Итак, действуя в выбранной нами теоретической, исторической, методологической или дидактической перспективе, мы будем разграничивать дискурсы, видения мира, формы анализа и другие педагогические аспекты литературного текста, связанные либо с письмом, либо с чтением: а) в плане статуса это «литературная критика» или «Litaraturwissenschaft», «паралитература» или «Trivialliteratur»; b) в плане истории — классицизм или романтизм, сюрреализм или экспрессионизм, театр абсурда или эпический театр, «новый роман» или немецкий послевоенный роман (Бёлль, Ленц, а также Зегерс и т. д.); с) в плане критики, то есть пресуппозиций и техник интерпретации, — источник письма или видение мира (Weltbild, Weltanschauung), комментарий или Deutung, объяснение текста или герменевтику, история идей или Geistesgeschichte, структурализм или рецептивную эстетику, стилистику или Textgrammatik, постмодерн или модерн и т. д.; d) наконец, в плане преподавания — литературное наследство против текста-представителя, повышенная ценность формы или «литературная оценка» и т. д.
Итак, для исследования взята ось «писатель — читатель» (а между ними — текст).
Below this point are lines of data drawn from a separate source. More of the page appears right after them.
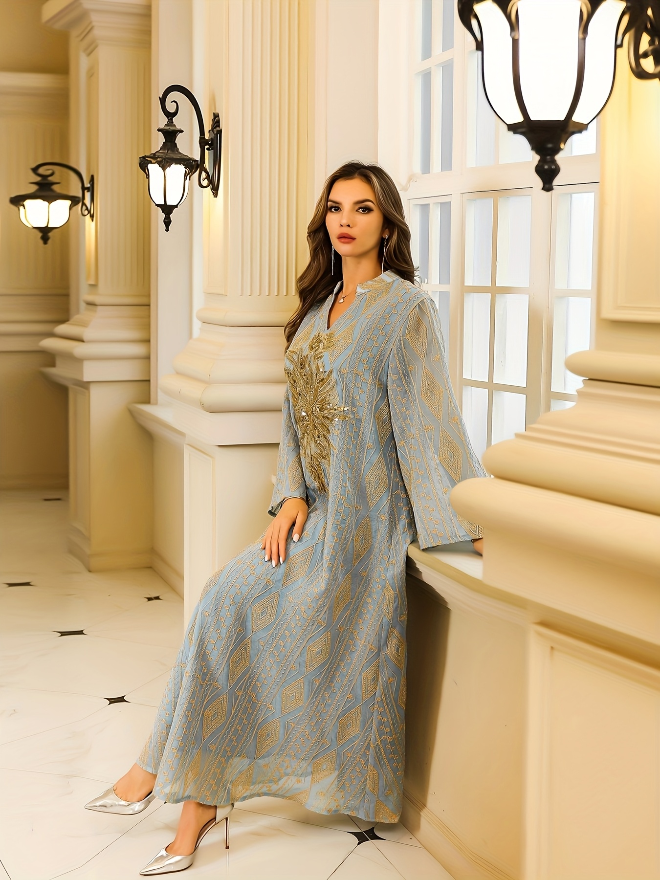 Luxury Muslim Women's Abaya Toga Dress with Golden Embroidery - Middle Eastern Style Long Sleeve Polyester Gown for Weddings & Formal Events, Loose Fit, Geometric Pattern, Hand Wash or Dry Clean, Muslim Clothes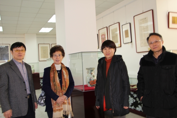 交流后,华教授在客绍英副院长等陪同下,参观了纽约国际官网冀东近代历史文献文物展室,她对纽约国际官网的文献信息资源建设及冀东文史研究给予了充分赞赏。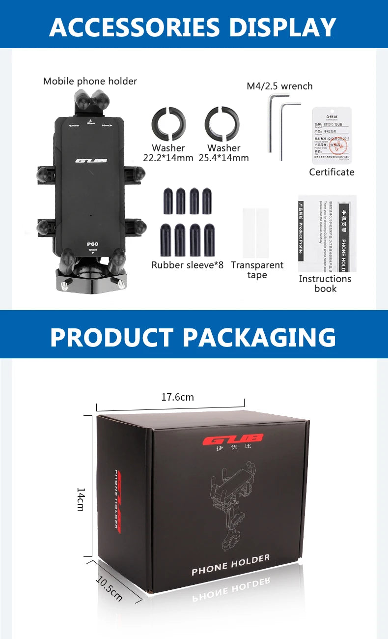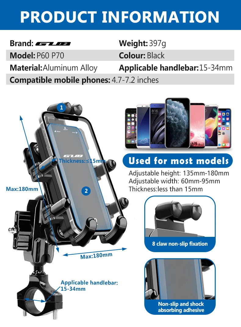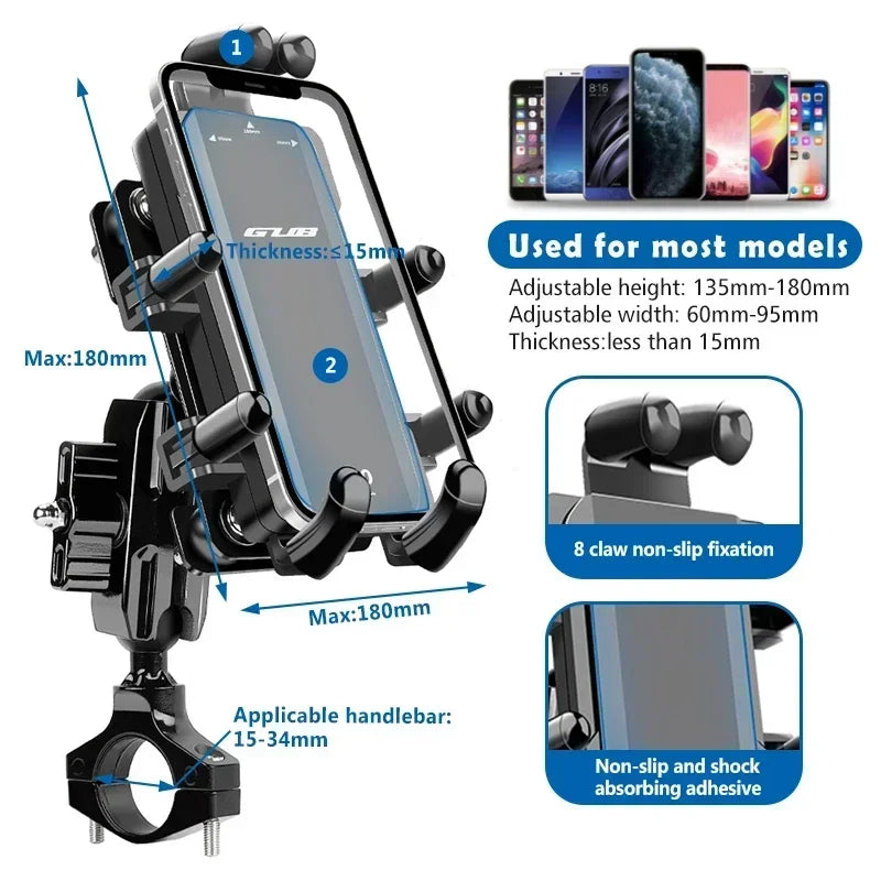 GUB Aluminium Fietstelefoonhouder voor 4,7-7,2 inch iPhone, vrije hoek Motorf...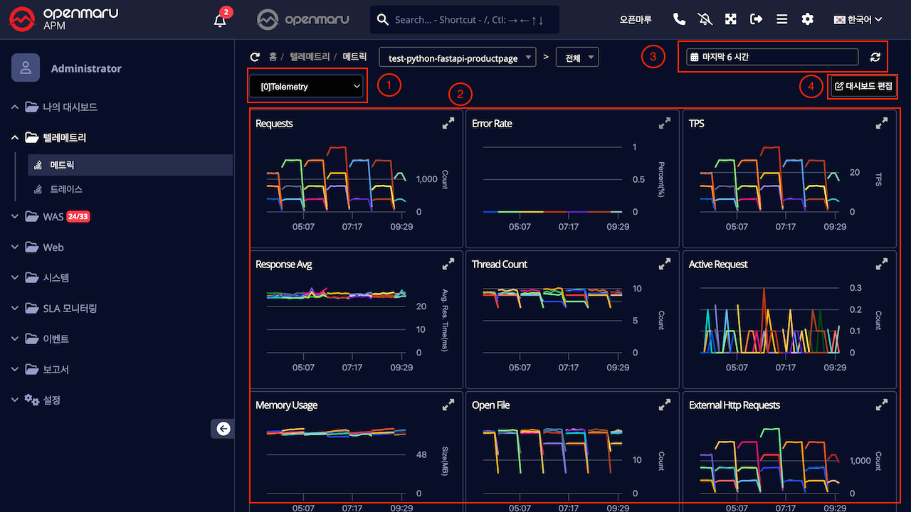Openmaru 에서 기본적으로 제공하는 Telemetry 대시보드 나, 사용자정의 대시보드를 선택하여 모니터링 할 수 있습니다.
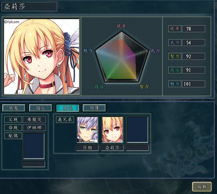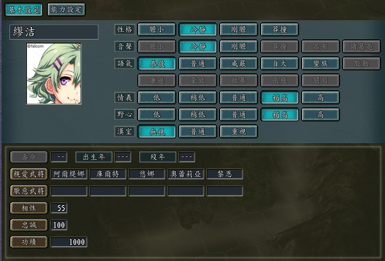 亚莉莎设定为智力型副将,特技“奇谋”实为原版特技“倾国”(对无女性武将的部队计略成功率2倍)的血色升级版,魅力方面力压缪洁1点。[滑稽]义“兄弟”为雪伦。列传中带有楼主本人的私心。[滑稽]

Эта оппозиция сколь угодно растяжима и потому зависит от примеров; не следует ее переоценивать. Но, по крайней мере, она хороша тем, что позволяет пусть бегло, но обозреть более чем вековую сравнительную литературную историю Франции и Германии, измеряя ее по наиболее важным для каждой из них признакам и параметрам: с одной стороны, это письмо, преимущественное внимание к тексту, а с другой стороны — чтение и поиски смысла, на котором держится текст. В конечном счете становится возможным перейти от писателя или читателя к произведению; это два более или менее прямых пути, ведущих либо от формы (стиля, языка) к постмодерну, либо от смысла (идеи, послания) к модерну.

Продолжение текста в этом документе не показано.